---- EXERCISE DATA
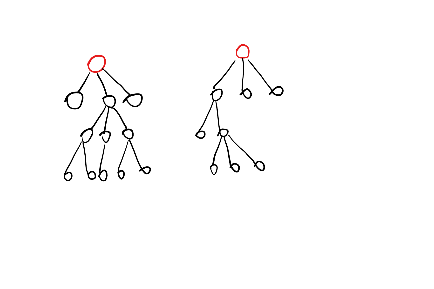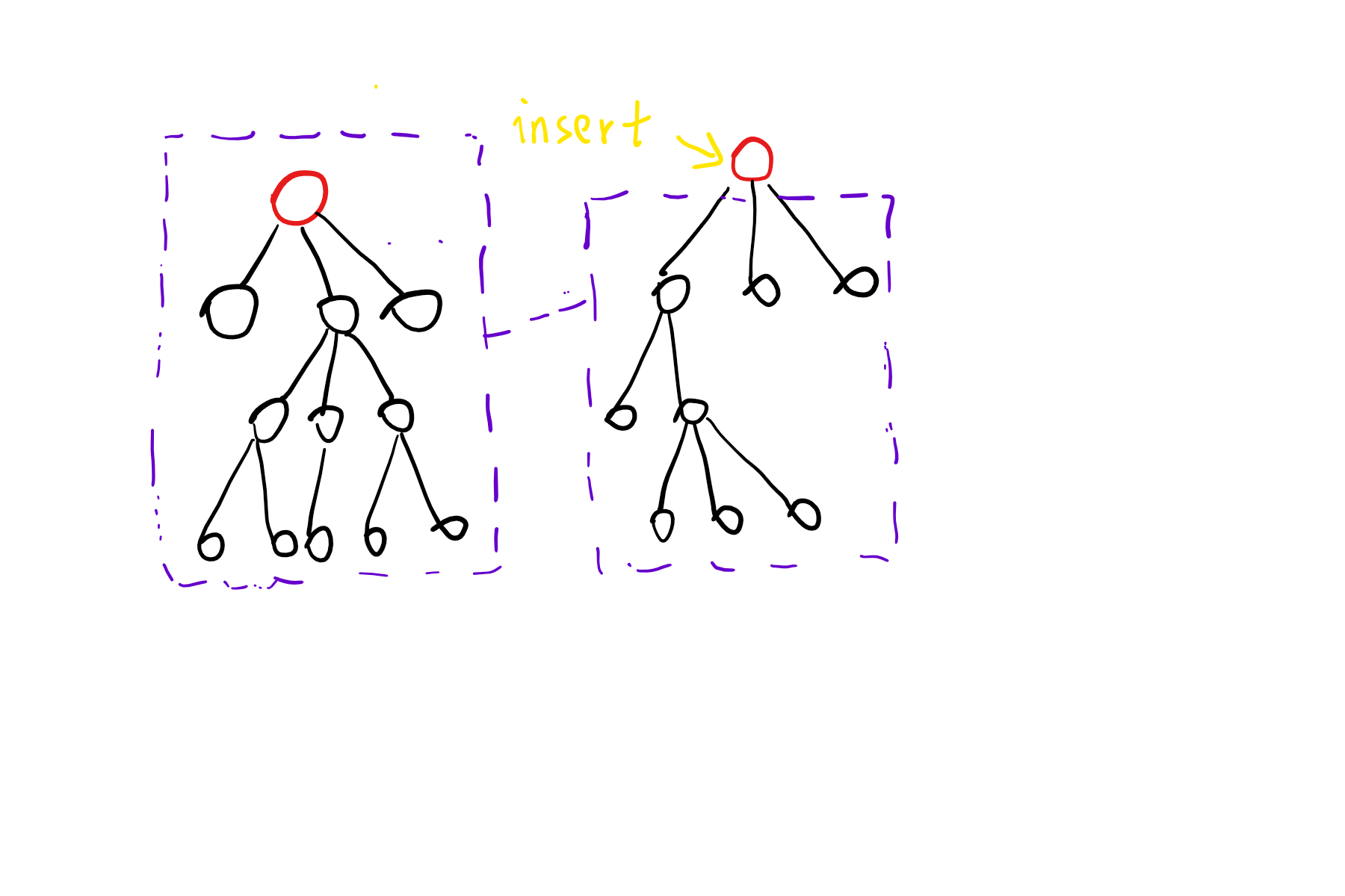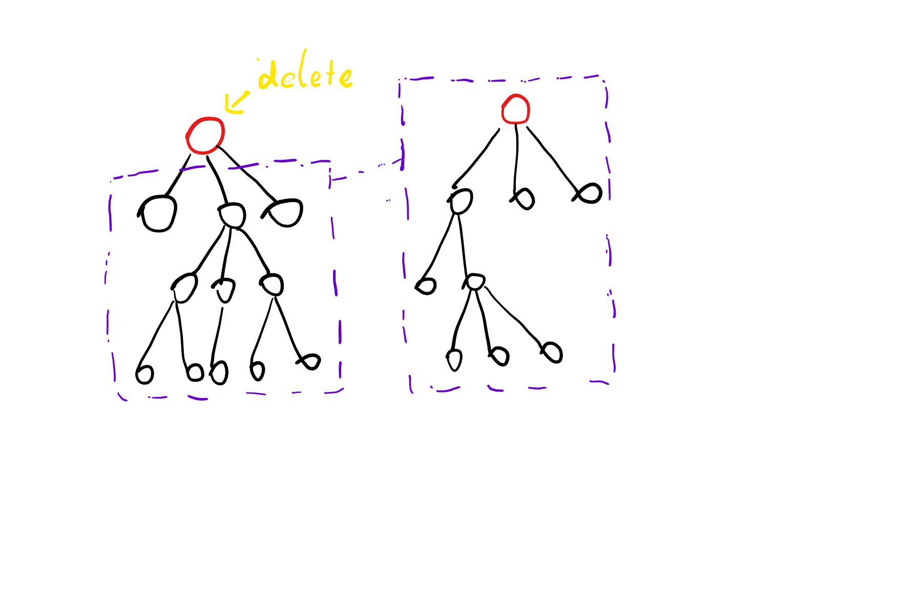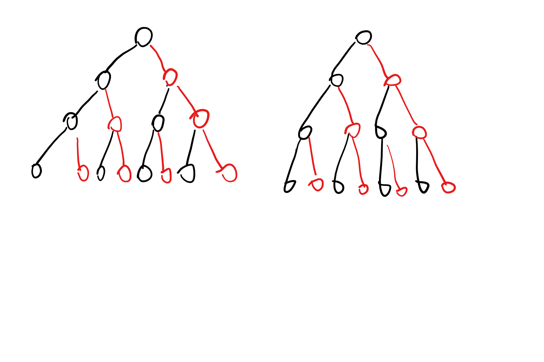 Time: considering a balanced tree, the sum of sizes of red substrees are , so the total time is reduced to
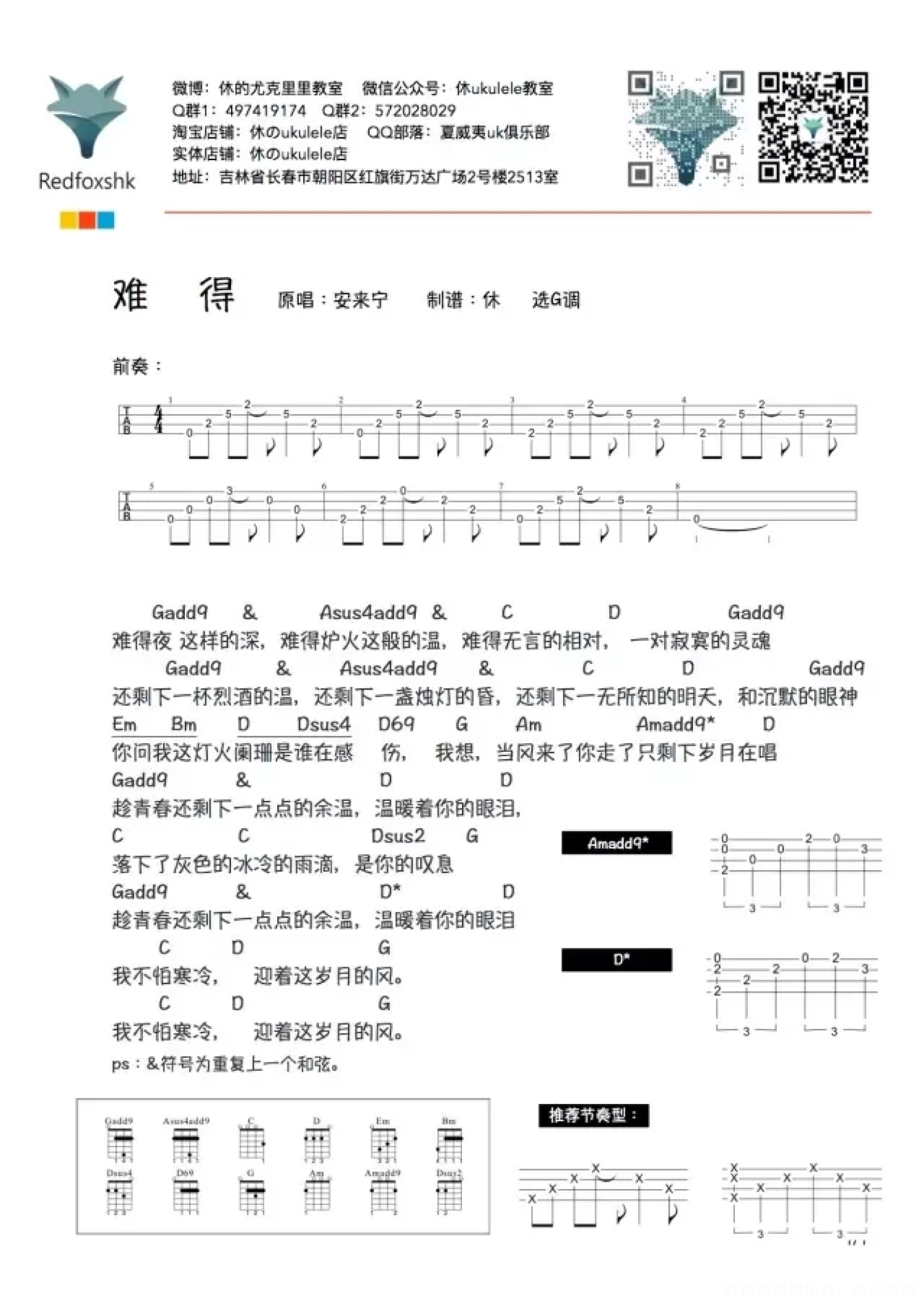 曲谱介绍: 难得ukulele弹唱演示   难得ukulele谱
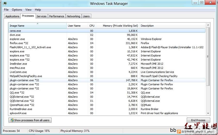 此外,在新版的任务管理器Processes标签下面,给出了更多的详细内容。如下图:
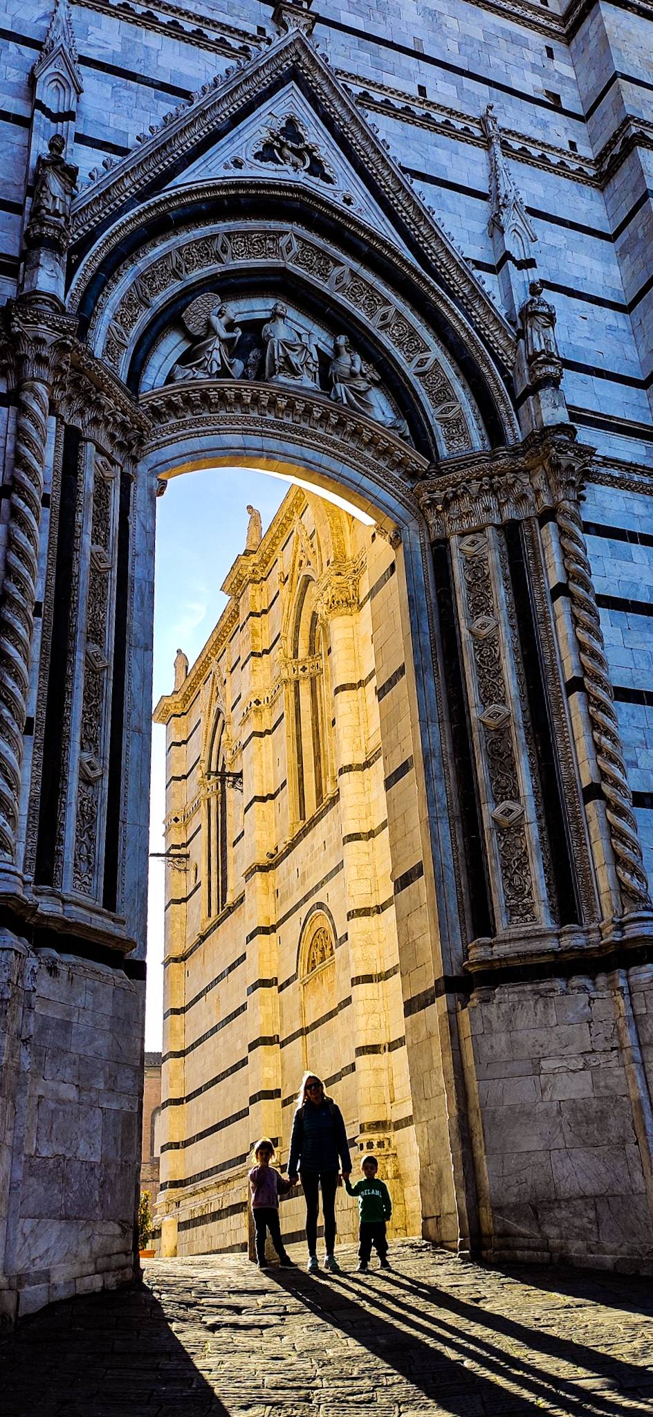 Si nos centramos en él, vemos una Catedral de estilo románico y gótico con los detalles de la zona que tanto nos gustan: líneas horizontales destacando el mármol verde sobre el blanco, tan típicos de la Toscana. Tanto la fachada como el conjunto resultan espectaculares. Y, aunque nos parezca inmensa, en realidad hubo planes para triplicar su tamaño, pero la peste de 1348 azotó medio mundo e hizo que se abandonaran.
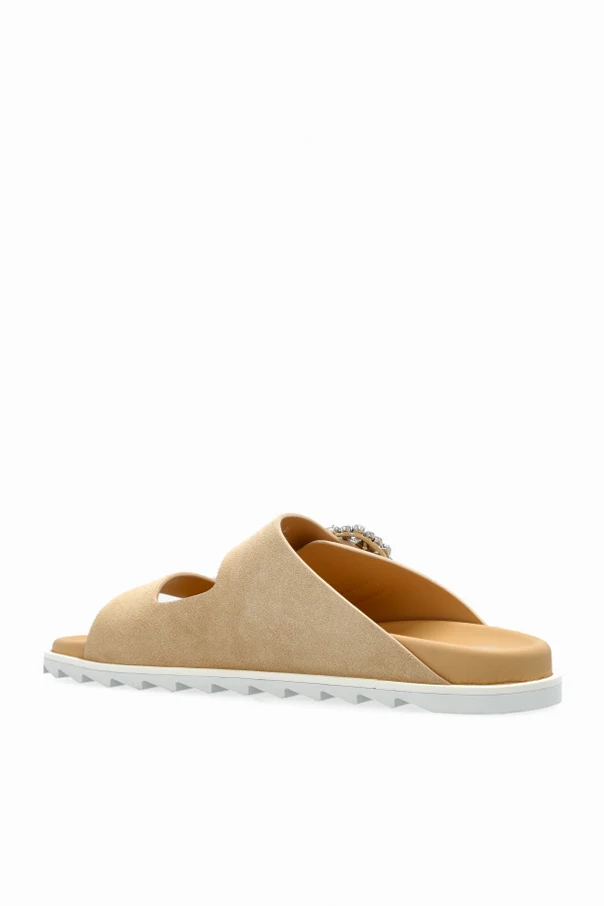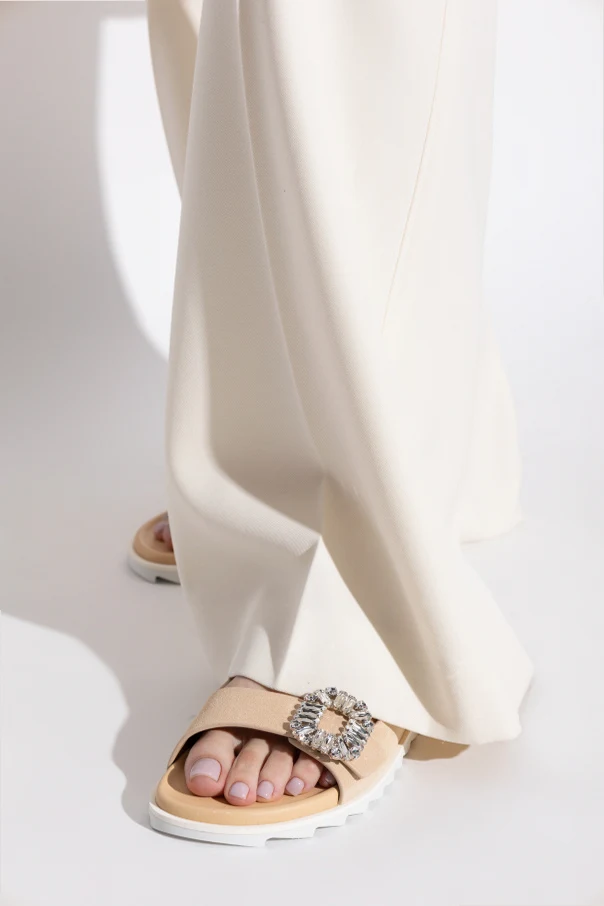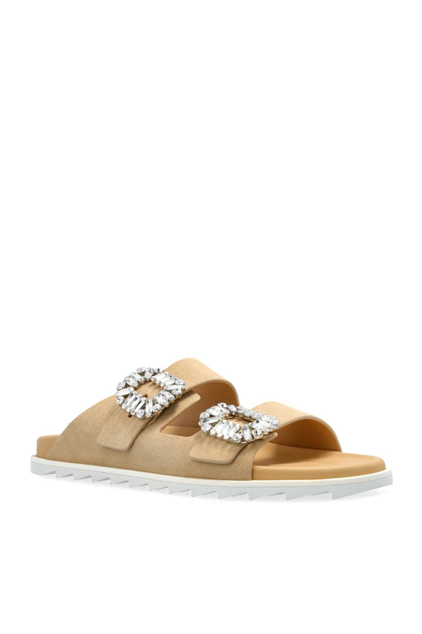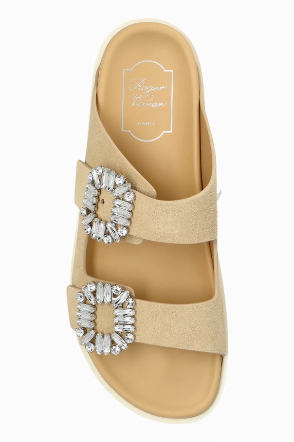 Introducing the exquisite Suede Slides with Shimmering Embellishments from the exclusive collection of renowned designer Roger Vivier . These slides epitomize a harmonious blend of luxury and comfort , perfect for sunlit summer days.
--------
▸ WHAT TO WORK ON
What is needed is an exact copy of all the entries above, minus the pictures.

▸ RESULT OF THIS EXERCISE
 Time: considering a balanced tree, the sum of sizes of red substrees are , so the total time is reduced to
 曲谱介绍: 难得ukulele弹唱演示   难得ukulele谱
 此外,在新版的任务管理器Processes标签下面,给出了更多的详细内容。如下图:
 Si nos centramos en él, vemos una Catedral de estilo románico y gótico con los detalles de la zona que tanto nos gustan: líneas horizontales destacando el mármol verde sobre el blanco, tan típicos de la Toscana. Tanto la fachada como el conjunto resultan espectaculares. Y, aunque nos parezca inmensa, en realidad hubo planes para triplicar su tamaño, pero la peste de 1348 azotó medio mundo e hizo que se abandonaran.
 Introducing the exquisite Suede Slides with Shimmering Embellishments from the exclusive collection of renowned designer Roger Vivier . These slides epitomize a harmonious blend of luxury and comfort , perfect for sunlit summer days.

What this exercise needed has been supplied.